I slackened my grasp, and she darted off. I did not care to pursue her.
Somehow I could not avoid returning once more in the direction of the corridor to get another glimpse of Dr. John; but I met him on the garden-steps, standing where the light from a window fell broad. His well-proportioned figure was not to be mistaken, for I doubt whether there was another in that assemblage his equal. He carried his hat in his hand; his uncovered head, his face and fine brow were most handsome and manly. His features were not delicate, not slight like those of a woman, nor were they cold, frivolous, and feeble; though well cut, they were not so chiseled, so frittered away, as to lose in expression or significance what they gained in unmeaning symmetry. Much feeling spoke in them at times, and more sat silent in his eye. Such at least were my thoughts of him: to me he seemed all this. An inexpressible sense of wonder occupied me as I looked at this man, and reflected that he could not be slighted.
It was not my intention to approach or address him in the garden, our terms of acquaintance not warranting such a step; I had only meant to view him in the crowd—myself unseen; coming upon him thus alone, I withdrew. But he was looking out for me, or rather for her who had been with me; therefore he descended the steps, and followed me down the alley.

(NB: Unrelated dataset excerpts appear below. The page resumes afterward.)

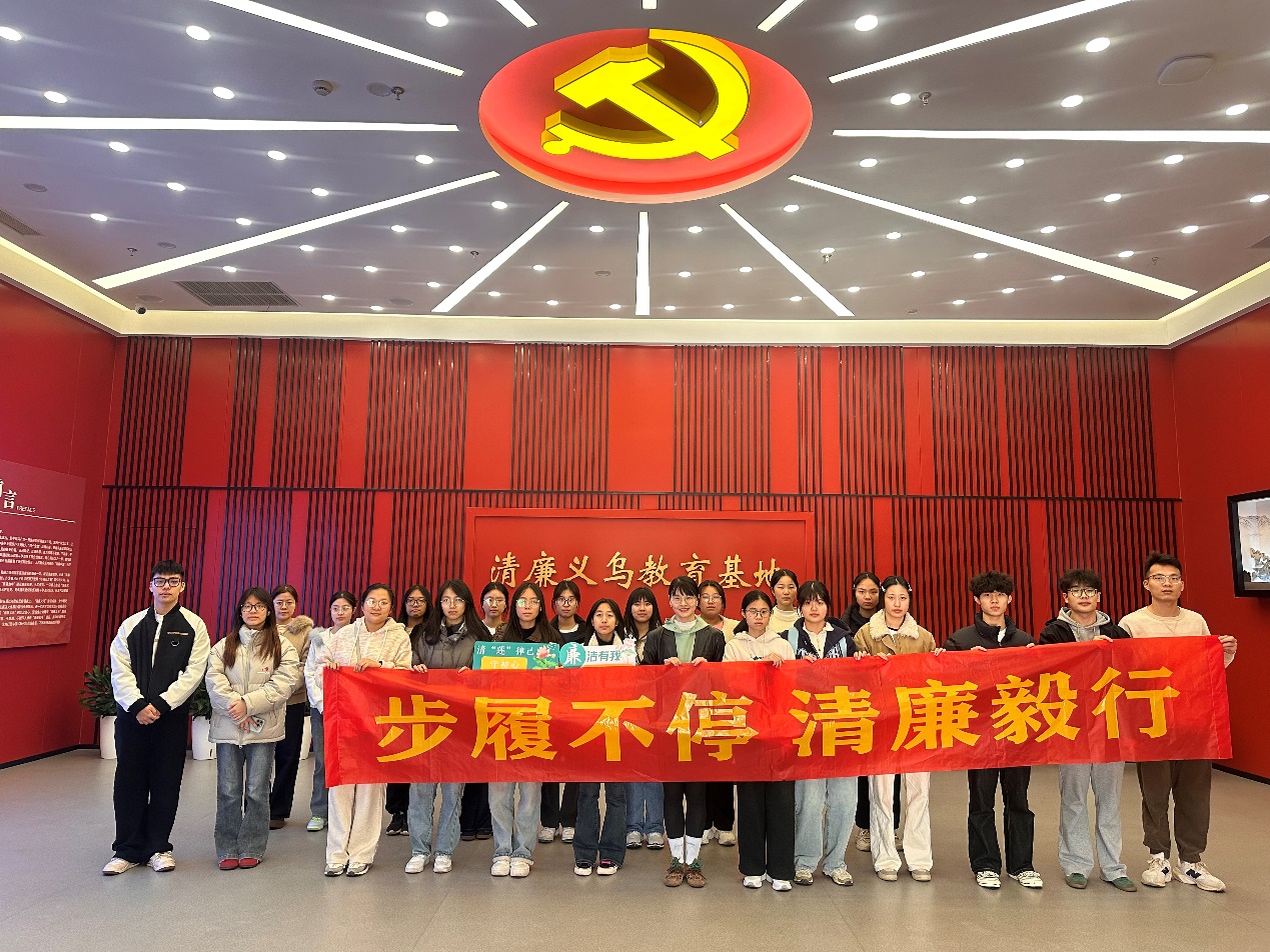 在义乌农商银行总行廉政教育基地和清廉义乌廉政教育基地,师生们深入感悟“铁账本、铁规章、铁纪律”的“三铁精神”,深刻体会到严明纪律与专业操守的内在统一。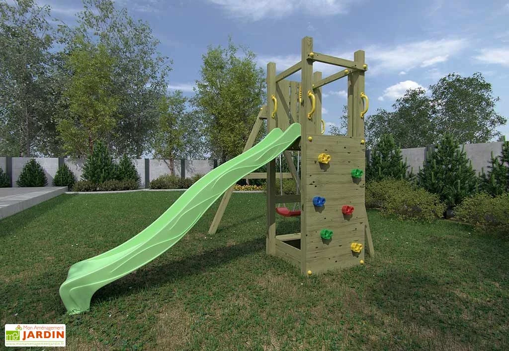 L’aire de jeux Fungoo est idéale pour les petits espaces puisqu’elle a la particularité de proposer un maximum de jeux pour un minimum de place. Elle mesure 2 m de longueur, 2,90 m de largeur et 2,10 m de hauteur et dispose d’une tour avec portique, toboggan, mur d’escalade et bac à sable.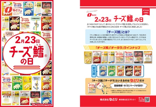 「チーズ鱈」の生産が開始された2月23日を チーズ鱈(R)の日に制定しました。一般社団法人日本記念日協会に申請し、2022年12月に登録されました。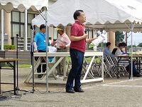 ↑ 1年間練習してきた「よさこいソーラン」です。最高のできでした。見えにくいですが、中高生のOBOGも踊っています!その後の休憩時間を使って、「コミスク推進」活動のご紹介がありました。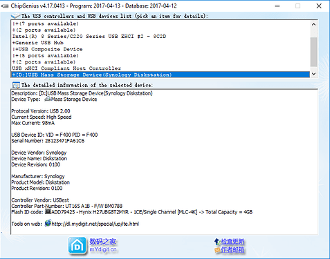 Для загрузки нашей DS мы использовали первую попавшуюся флешку на контроллере Phison (он хорошо прошивается и ПО доступно), заменили ему VID/PID на значение F400, залили наш дамп с неисправным разделом Synology_2 и установили её в передний usb 3.0 разьем.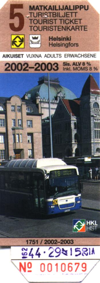 ヘルシンキ中央駅到着. HKL のオフィスで5日間のツーリストチケット(市内のトラム・電車・船が 乗り放題)を購入する.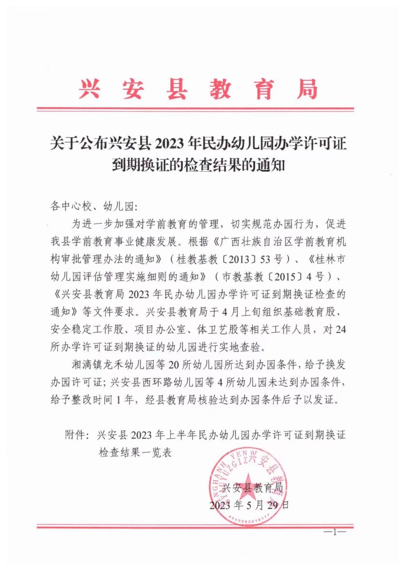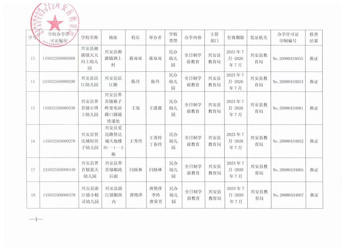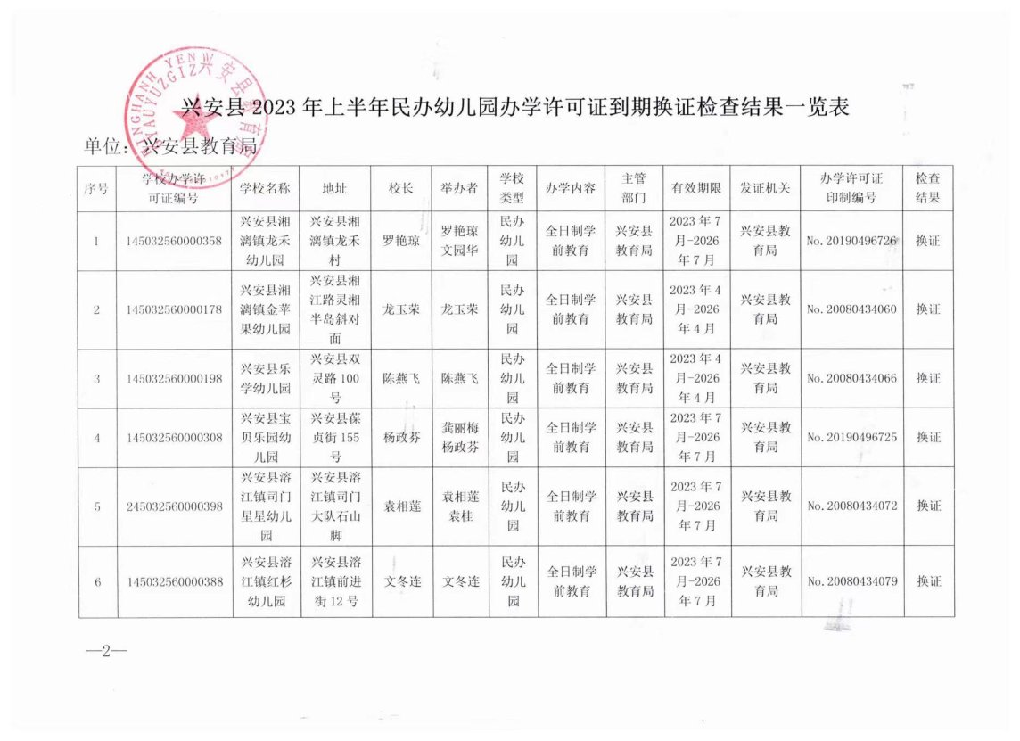 关于公布兴安县2023年民办幼儿园办学许可证到期换证的检查结果的通知

"You know Miss Fanshawe? I have often wished to ask whether you knew her", said he.
"Yes: I know her".
"Intimately?"
"Quite as intimately as I wish".
"What have you done with her now?"
"Am I her keeper?" I felt inclined to ask; but I simply answered, "I have shaken her well, and would have shaken her better, but she escaped out of my hands and ran away".
"Would you favor me," he asked, "by watching over her this one evening, and observing that she does nothing imprudent—does not, for instance, run out into the night-air immediately after dancing?"
"I may, perhaps, look after her a little; since you wish it; but she likes her own way too well to submit readily to control."